AIM OF THE TASK ->
When you reproduce these records, keep every word exactly and drop the images.

Records from a dataset ->
********
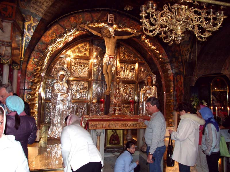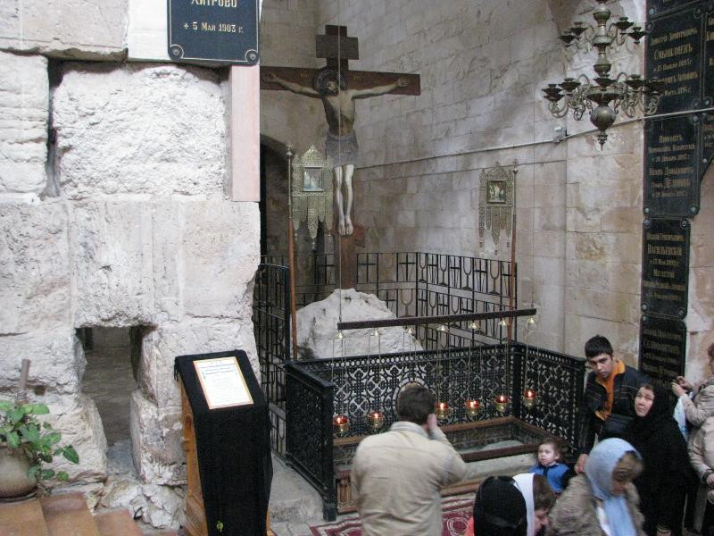 2) Голгофа, то самое место где был распят небезызвестный персонаж. Все шито белыми нитками. Храм построен в 4 веке. Ладно, холм похожий на Голгофу нашли. А вот то что потом "о чудо" буквально рядом в 30 метрах нашли и пещеру-склеп где он вознесся, и теперь так удобно строить храм гроба господня! Это конечно внушает сомнения.
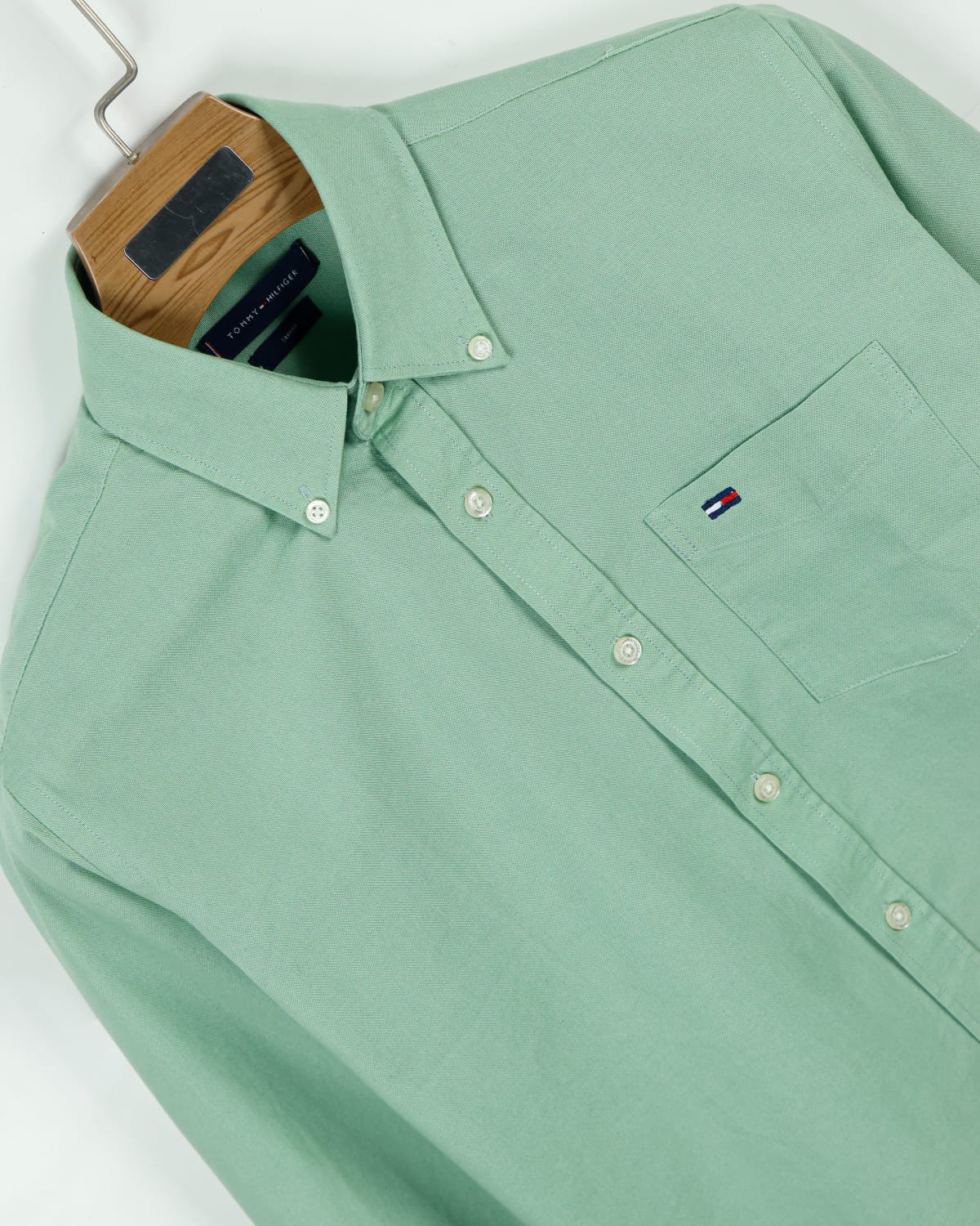 This shirt is made from 100% imported Oxford cotton fabric, offering a soft, breathable, and durable feel for all-day comfort. Designed in a European slim fit, it provides a modern and sharp look. The button-down collar adds a classic touch, while the long sleeves and front pocket make it suitable for both formal and casual wear. Finished with premium stitching for a refined appearance.
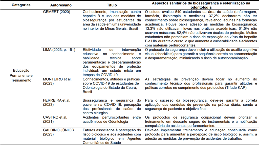 Na categoria Educação Permanente e Treinamento, os achados desta seção destacam aspectos relacionados à formação e atualização do profissional em biossegurança. Paredes et al. (2021), em estudo qualitativo, identificaram os principais desafios enfrentados no cumprimento dos novos protocolos de biossegurança diante do retorno das atividades presenciais nas instituições de ensino superior em Odontologia durante a pandemia da COVID-19.
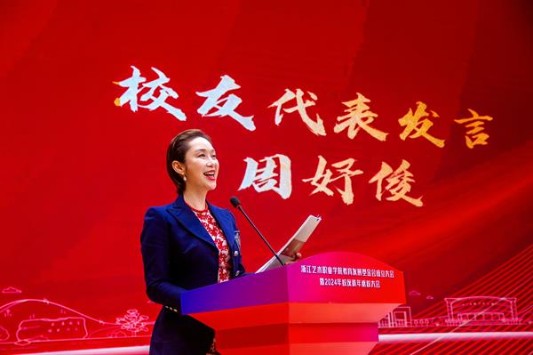 一级演员、中国戏剧梅花奖、文华奖、白玉兰奖获得者,90级越剧班校友周妤俊作为校友代表上台发言,她深情讲述了自己在浙艺学艺追艺的成长经历并对母校送上了最诚挚的祝福。
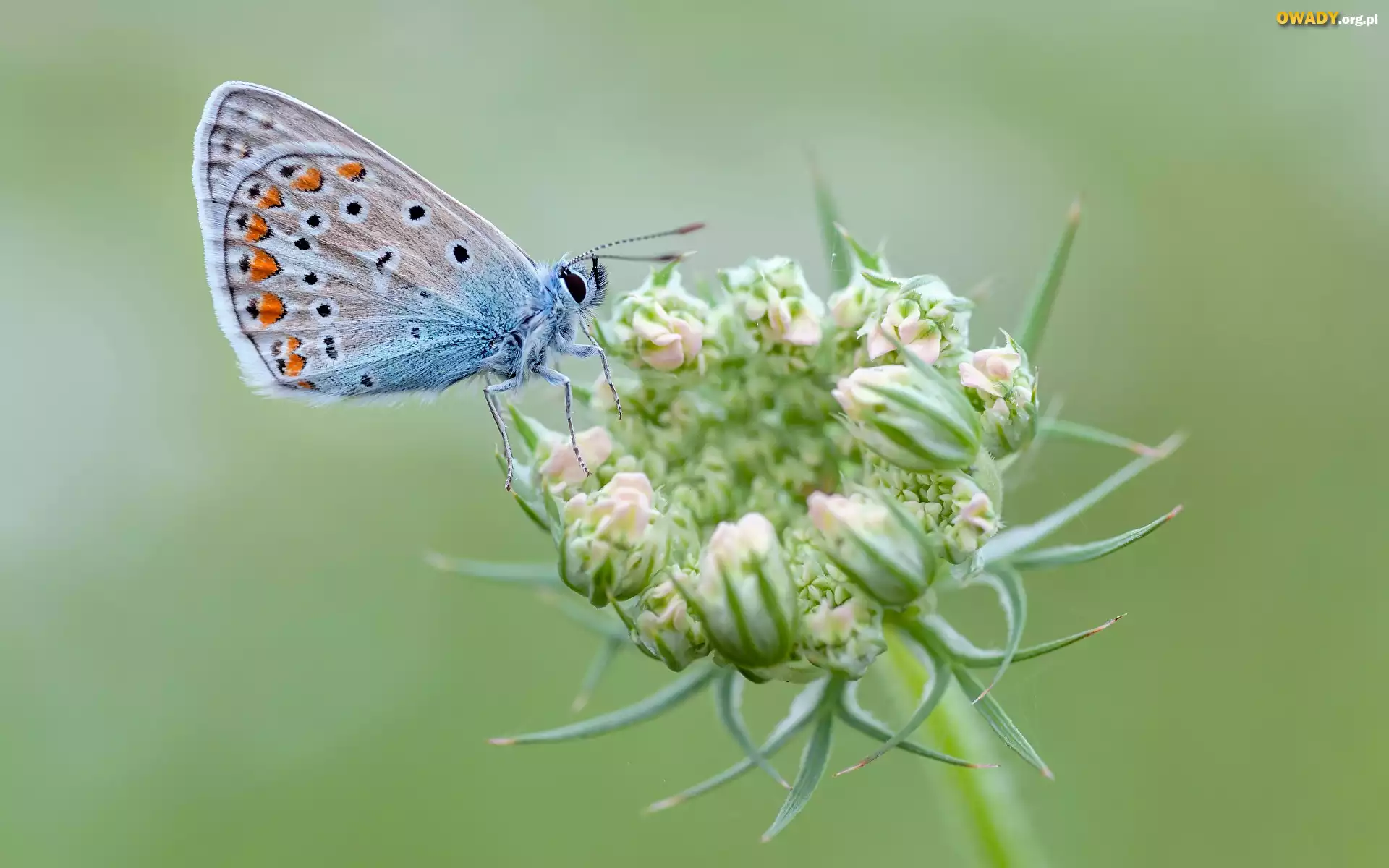 Owad, Motyl, Modraszek ikar, Roślina, Zbliżenie
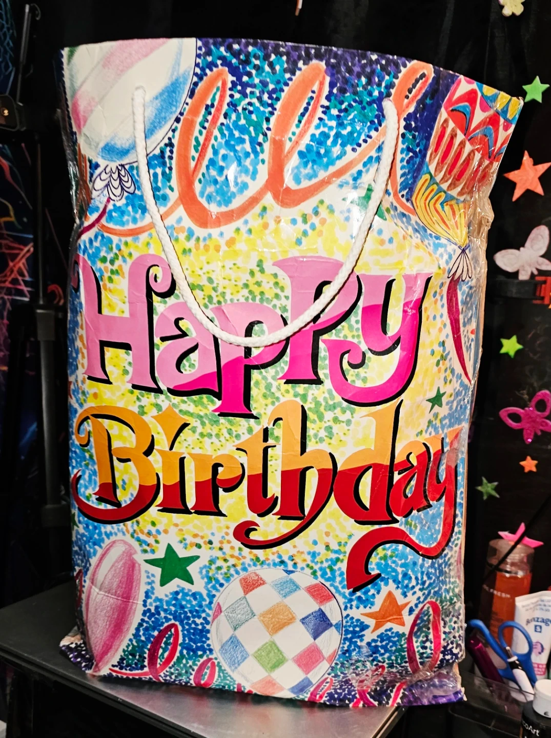 This is a large, colourful gift bag with a 'Happy Birthday' design. It comes with multiple smaller gift bags and tissue paper inside. Perfect for packing presents for a birthday celebration!
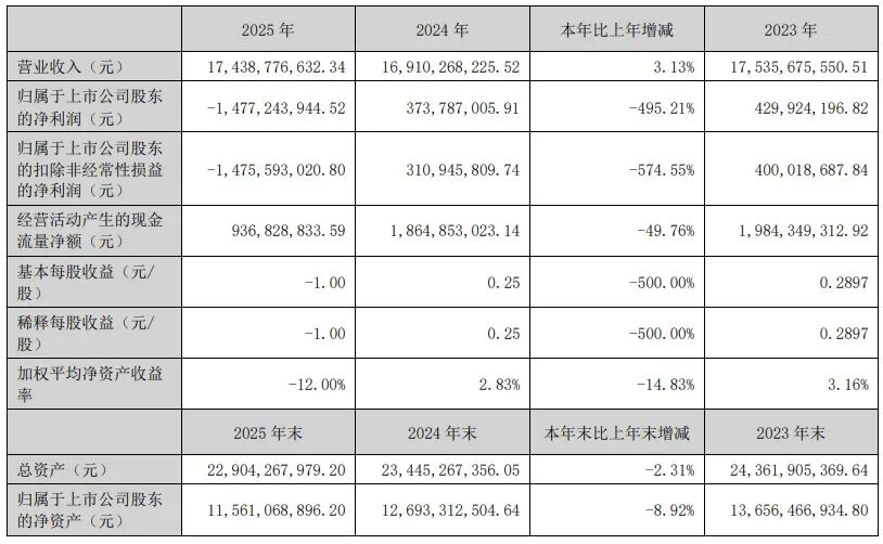 木林森公告2025年实现营业收入174.39亿元,同比增长3.13%;归属于上市公司股东的净利润为-14.77亿元。
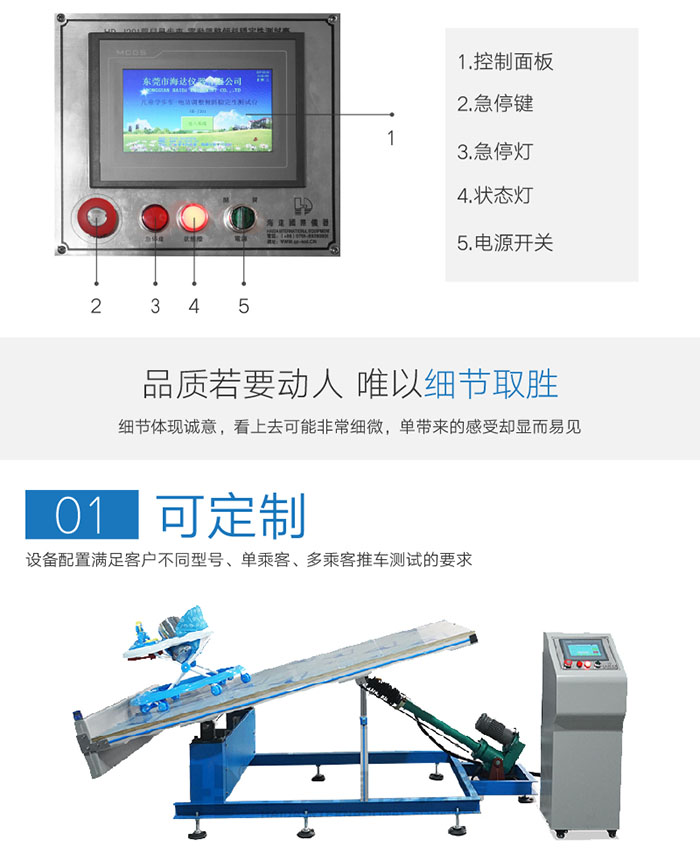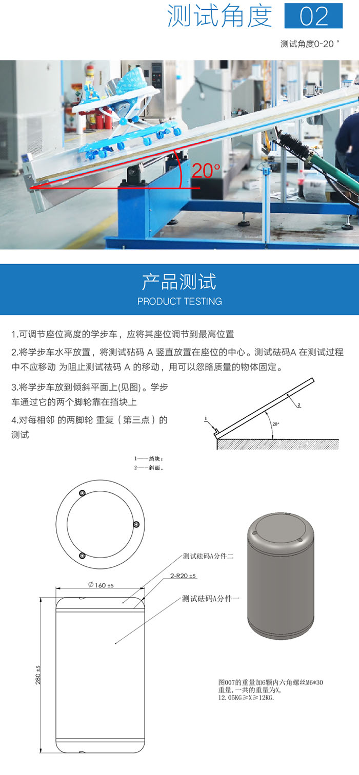嬰兒車穩定性測試性測試平臺通過穩定性模擬測試,判斷嬰兒車臺穩定性(車臺不得翻覆.測試時,任何提籃或座椅的附屬部件都不得與車架分離. | ||
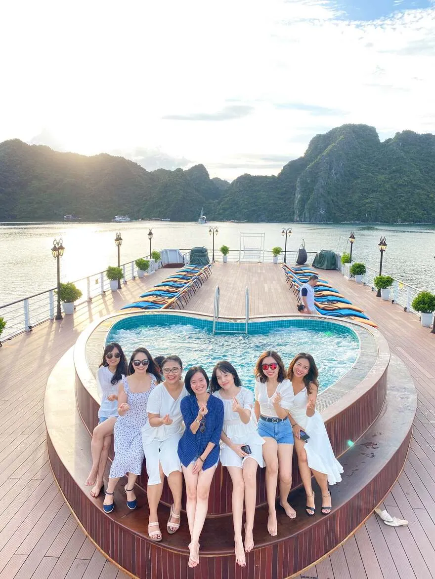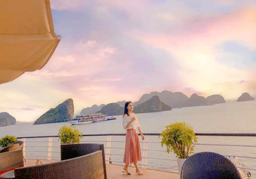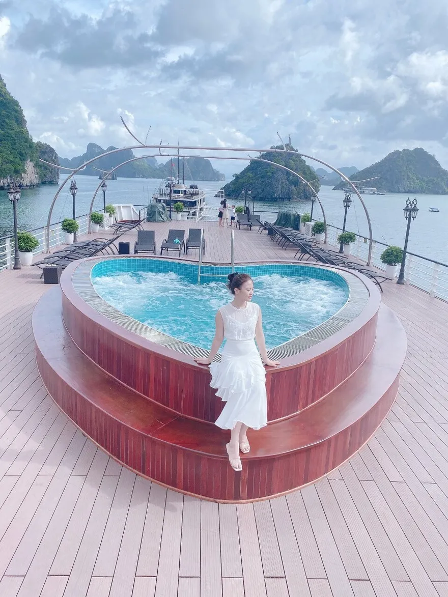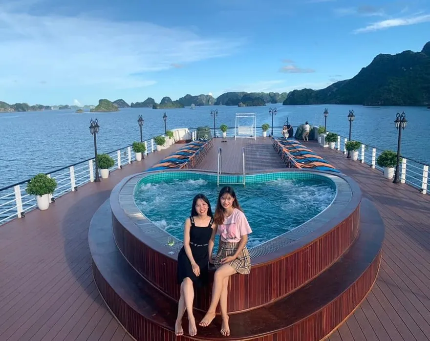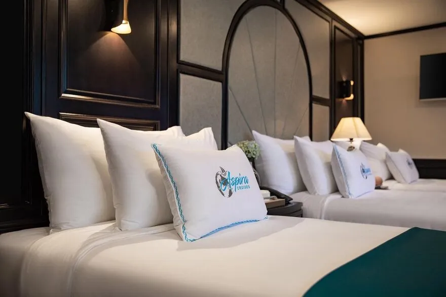 Đây là lo lắng của rất nhiều người. Tuy nhiên, bạn có thể yên tâm vì Aspira là du thuyền vỏ thép đáy đôi hiện đại với kích thước lớn (rộng gần 13m), giúp tàu vận hành cực kỳ ổn định. Hơn nữa, hải trình của tàu nằm hoàn toàn trong Vịnh Lan Hạ – khu vực được bao bọc bởi các đảo đá vôi nên mặt nước rất tĩnh lặng, ít sóng lớn. Cảm giác rung lắc gần như bằng không, đặc biệt là khi tàu neo đậu nghỉ đêm.
********
RESPONSE AREA ->
 2) Голгофа, то самое место где был распят небезызвестный персонаж. Все шито белыми нитками. Храм построен в 4 веке. Ладно, холм похожий на Голгофу нашли. А вот то что потом "о чудо" буквально рядом в 30 метрах нашли и пещеру-склеп где он вознесся, и теперь так удобно строить храм гроба господня! Это конечно внушает сомнения.
 This shirt is made from 100% imported Oxford cotton fabric, offering a soft, breathable, and durable feel for all-day comfort. Designed in a European slim fit, it provides a modern and sharp look. The button-down collar adds a classic touch, while the long sleeves and front pocket make it suitable for both formal and casual wear. Finished with premium stitching for a refined appearance.
 Na categoria Educação Permanente e Treinamento, os achados desta seção destacam aspectos relacionados à formação e atualização do profissional em biossegurança. Paredes et al. (2021), em estudo qualitativo, identificaram os principais desafios enfrentados no cumprimento dos novos protocolos de biossegurança diante do retorno das atividades presenciais nas instituições de ensino superior em Odontologia durante a pandemia da COVID-19.
 一级演员、中国戏剧梅花奖、文华奖、白玉兰奖获得者,90级越剧班校友周妤俊作为校友代表上台发言,她深情讲述了自己在浙艺学艺追艺的成长经历并对母校送上了最诚挚的祝福。
 Owad, Motyl, Modraszek ikar, Roślina, Zbliżenie
 This is a large, colourful gift bag with a 'Happy Birthday' design. It comes with multiple smaller gift bags and tissue paper inside. Perfect for packing presents for a birthday celebration!
 木林森公告2025年实现营业收入174.39亿元,同比增长3.13%;归属于上市公司股东的净利润为-14.77亿元。
嬰兒車穩定性測試性測試平臺通過穩定性模擬測試,判斷嬰兒車臺穩定性(車臺不得翻覆.測試時,任何提籃或座椅的附屬部件都不得與車架分離. | ||
 Đây là lo lắng của rất nhiều người. Tuy nhiên, bạn có thể yên tâm vì Aspira là du thuyền vỏ thép đáy đôi hiện đại với kích thước lớn (rộng gần 13m), giúp tàu vận hành cực kỳ ổn định. Hơn nữa, hải trình của tàu nằm hoàn toàn trong Vịnh Lan Hạ – khu vực được bao bọc bởi các đảo đá vôi nên mặt nước rất tĩnh lặng, ít sóng lớn. Cảm giác rung lắc gần như bằng không, đặc biệt là khi tàu neo đậu nghỉ đêm.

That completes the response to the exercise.